Berecche la compatisce per uno strazio che condivide, ne osserva lo sguardo da folle e scoppia a piangere "sul grigio capo scarmigliato della vecchia compagna non amata".
Il racconto concepito nei mesi che precedono l'entrata in guerra dell'Italia, nel maggio del 1915, e rielaborato in quelli immediatamente successivi, è la trasposizione letteraria della situazione in casa Pirandello. Lo scrittore proietta in Berecche il proprio dilemma se sia giusto abbandonare l'alleanza con Austria e Germania, facendolo propendere per il sì; Stefano, il primogenito, è partito volontario dopo avere partecipato a manifestazioni interventiste a Roma; e in famiglia la situazione, sempre tesa per gli scatti di follia della madre Antonietta Portulano, è peggiorata. Ad accentuare il carattere autobiografico del racconto, Pirandello inserisce una lettera dal fronte del figlio, e, approfittando della finzione letteraria, dichiara il disamore per la "compagna non amata".

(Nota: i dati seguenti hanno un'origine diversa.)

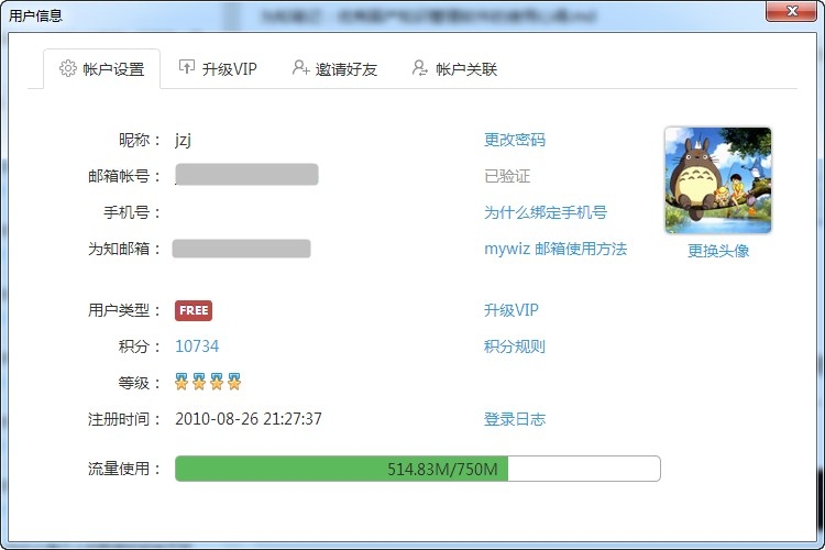 为知笔记的同步功能,不限制笔记数据的数量,只限制单个笔记大小和每个月同步流量。免费版每个月有600M流量,随着等级提高,流量也会增加。另外,使用积分或者付费,可以购买VIP,月流量会增加很多。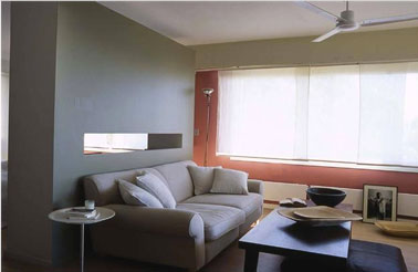 Pour la déco de ce salon gris et rose, la couleur joue l’élégance et la douceur. Le gris vert de la cloison qui accueille le canapé pose un heureux contraste avec le rose bruni qui entoure la fenêtre, chacune des couleurs mettant en valeur l’aspect chaleureux de l’autre et souligne les lignes de l’architecture de l’espace.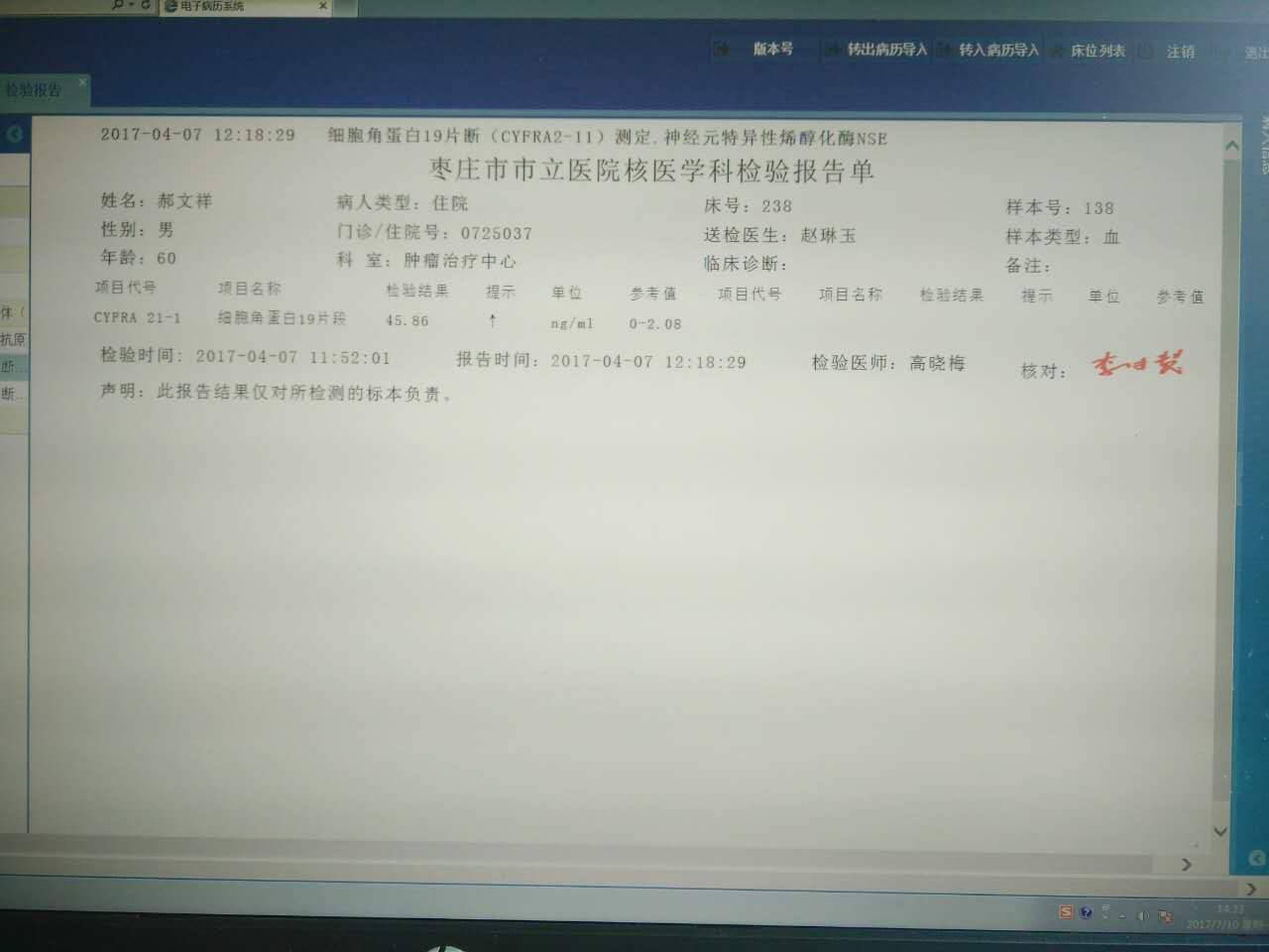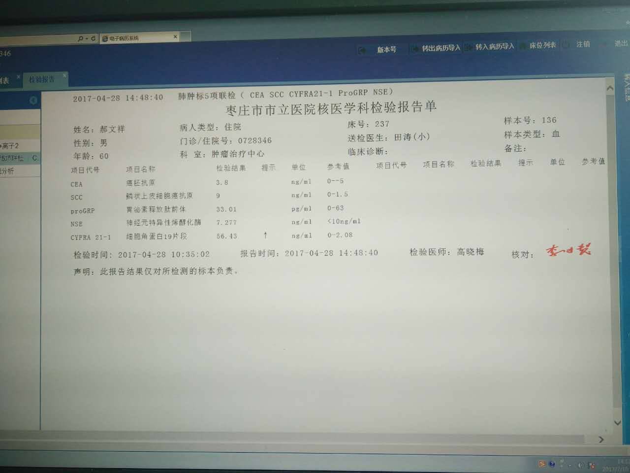 肺腺癌的直接反应标志物,高了要赶紧看医生查CT

L'ansia per Stefano, e l'ostilità interna alla famiglia costituiscono due dei tre fronti su cui si batté Pirandello negli anni della Grande guerra; il terzo fu la rivoluzione teatrale di cui fu protagonista dal 1916 in poi.
Stefano era andato ad arruolarsi il 31 dicembre del 1914. A fine luglio 1915, col grado di sottotenente, era stato inviato al fronte e il 2 novembre era caduto prigioniero degli austriaci. Cominciò così una lunga prigionia prima a Mauthausen e poi, dopo la disfatta di Caporetto, a Plan in Boemia. Fu liberato a guerra finita, nel novembre del 1918. In tutti questi anni di segregazione, Pirandello ebbe il pensiero costantemente rivolto al figlio, alla sua salute mentale e fisica, attento a decifrare dalle lettere segni di cedimento, sempre pronto a incoraggiarlo e a proporsi come esempio: l'unico rimedio era il lavoro. Stefano, che sarebbe divenuto scrittore anche lui, abbozzò in quegli anni le prime opere letterarie.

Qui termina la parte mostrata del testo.